Disable the Block Gas Meter

The block gas meter is difficult to support when executing transactions in parallel. Disabling it is safe if validators validate the total gas wanted in ProcessProposal, which is the case in the default handler.
bApp.SetDisableBlockGasMeter(true)

Enable Virtual Fee Collection (EVM-specific)

This alters how fee collection works for EVM transactions, accumulating fees to the fee collector module in the EndBlocker instead of using regular sends during transaction execution.
app.EVMKeeper.EnableVirtualFeeCollection()

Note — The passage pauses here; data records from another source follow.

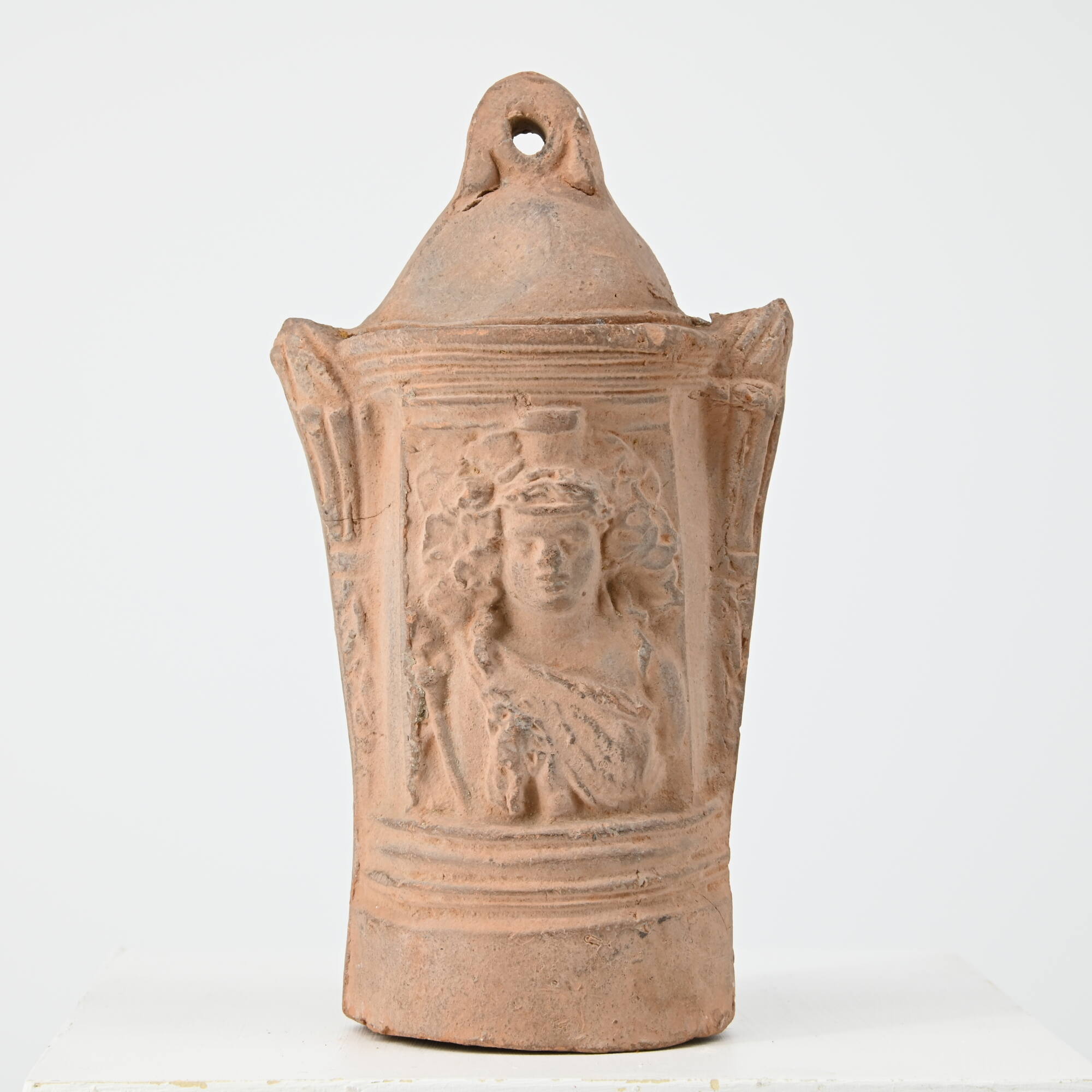 DescriptionLichthäuschen in Form eines Monopteros auf hoher, oben mehrfach profilierter Basis, der seitlich von jeweils einer Fackel bis in Höhe des Architravs umgeben ist. Ein hochgewölbtes unverziertes Dach endet in einer Henkelöse. Zwischen Basis und dem mehrfach profilierten, räumlich wiedergegebenen Architrav ergibt sich ein von Pilastern flankiertes Bildfeld, das mit der Büste eines Dionysos ausgefüllt ist. Der Gott ist mit einem Leopardenfell bekleidet, das seine linke Schulter freiläßt, rechts hält er einen Thyrsosstab. Sein langes, über der Stirn gescheiteltes Haar wird von einer schmalen Binde zusammengehalten; ein mächtiger Kopfputz aus Blä ttern und Korymben fällt bis auf die Schultern hinab. Auf der Rückseite befindet sich eine türähnliche, oben gebogene Öffnung, die von Pilastern in zartem Relief gerahmt ist.DimensionsH 14,5; B 5,9; T 4,8
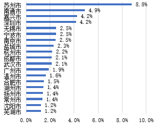 图上海市制造业企业对外投资前20城市
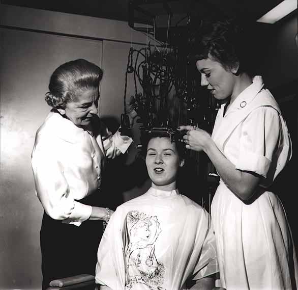 - Photo: 11/3/59 (Jim Dumbell) - Article: 11/8/59. Like a scene from The Bride of Frankenstein, this bizarre contraption, a croquinole curler, was used for giving permanents. Salon owners such as Jeanette Harney in Myers Park had many customers who preferred the machine waves. The cost was $15.00.

Set Up the Object Store in the Bank Keeper

This enables the bank keeper to collect fees in the EndBlocker instead of requiring every transaction to send fees directly to the FeeCollector module account.
app.BankKeeper = app.BankKeeper.WithObjStoreKey(oKeys[banktypes.ObjectStoreKey])

Custom Modules

All other changes to parallelize common transactions were done in a way that does not require configuration. For custom transaction types or custom modules, additional changes to KV store access patterns may be required. There is no generalized approach for this yet. The common pattern for functionality that requires access to the same storage key is to write intermediate values to transient or object storage and use an EndBlocker to collect the values after all transaction execution completes.